If you are a user of the Databricks Repos feature for co-versioned Git-based source control of project assets, the core functionality has not changed. The most notable difference is that many contextual UI operations now refer to “Git folders” rather than “Repos”.
For example, a Databricks folder backed by a Git repo could be created by selecting New and then Repo from the UI:
Now, you select New and choose Git folder. Same thing, different name!
This change provides some improvements that simplify working with version-controlled folders:
- Better folder organization: Git folders can be created at any level of the workspace file tree, allowing you to organize your Git folders in a way that works best for your project. For example, you can create Git folders at
/Workspace/Users/<user email>/level_1/level_2/level_3/<Git folder name>
. Repos can only be created at a fixed directory level, such as the root of the Repos user folder like/Workspace/Repos/<user email>/<Repo name>
.- Note: Git folders can contain or collocate with other assets that are not supported by Repos today. Unsupported asset types like DBSQL assets and MLflow experiments can be moved into Git folders. Serialization support for additional assets will be added over time.
- Simplified UI behaviors: This change brings a common workspace interaction–working with Git–directly into your Databricks workspace, and reduces time spent navigating between your workspace and your version-controlled Git folders.
What has changed, specifically?
- Git folders can be created outside of the
/Repos
directory. - Git folders are created by selecting New > Git folder in a Databricks workspace. This creates a new Git folder under
/Workspace/Users/<user-email>/
. - Git folders can be created at various depths of the workspace file tree as long as they are under
/Workspace/Users/<user-email>
. For example, you can create Git folders at/Workspace/Users/<user-email>/level_1/level_2/level_3/<git-folder-name>
. You can have multiple Git folders under/Workspace/Users/<user-email>
. - Unsupported assets are allowed in Git folders. Serialization support for other asset types will be added over time.
- Unlike Repos, you cannot create a new Git folder in Databricks without a remote repository URL.
What happens to my current Repos?
If you have Repos defined for your Azure Databricks workspace, they are not going away, and you are not required to migrate those existing Repos to Git folders. Instead, Repos have been integrated into the Azure Databricks workspace user interface and are no longer presented as a separate set of folders organized under a top-level Repo node. They can now be found under the /Workspace
root folder as /Workspace/Repos
.
- Existing
/Repos
references will continue to work. Paths that start with either/Repos
or/Workspace/Repos
refer to the same folder, and declared paths injobs
,dbutils.notebook.run
, and%run
references can remain unchanged. - In a rare case, you must make a one-time modification in your workspace for this redirection to work. For more details about this modification, see References to workspace objects.

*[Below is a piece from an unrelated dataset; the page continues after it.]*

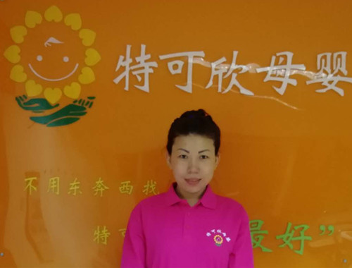 2007年从业特可欣,性格温顺,干净利落,精通婴儿早期开发,擅长产妇及婴儿护理。产妇护理技能:月子营养配餐,催乳,形体修复,子宫复旧,心理疏导;产褥期科学指导;婴儿护理技能:婴儿早教,洗澡,抚触,被动操,排气操,手指操;婴儿常见疾病的观察及预防指导:如:幽门痉挛,肠痉挛,黄疸观察,脐带消毒,鹅口疮,泪囊阻塞,尿布疹,湿疹等;婴儿大小便的观察,啼哭的观察等等;座右铭:做就做最好的

Databricks recommends that users create new Git folders instead of Repos if they need to connect to Git source control from the Databricks workspace. Colocating Git repos and other workspace assets makes Git folders more discoverable and easier to manage than Repos.
Git folder permissions
Git folders have the same workspace folder permissions as other workspace folders. Users must have the CAN_MANAGE
permission in order to perform most Git operations.
Which DBR I should use for running code in Git folders?
For consistent code execution between Git folders and legacy Repos, Databricks recommends users run code only in Git folders with DBR 15+.
Current working directory (CWD) behavior
Databricks Runtime (DBR) version 14 or greater allows for the use of relative paths and provides the same current working directory (CWD) experience for all notebooks, where you run the notebook from the current working directory. Current working directory (CWD) behaviors might be inconsistent between notebooks in a Git folder and a non-Git folder for older versions of the Databricks Runtime (DBR).
Python sys.path behavior
Databricks Runtime (DBR) version 14.3 or greater provides the same sys.path
behavior in Git folders as in legacy Repos. With earlier DBR versions, Git folder behavior differs from legacy Repos as the root repo directory is not automatically added to sys.path
for Git folders. For Python, sys.path
contains a list of directories that the interpreter searches when importing modules. If you cannot use DBR 15 or above, you can manually append a folder path to sys.path
as a workaround.
For examples on how to add directories to sys.path
using relative paths, see Import Python and R modules.
Python library precedence
Databricks Runtime (DBR) version 14.3 or greater provides the same Python library precedence in Git folders as in legacy Repos.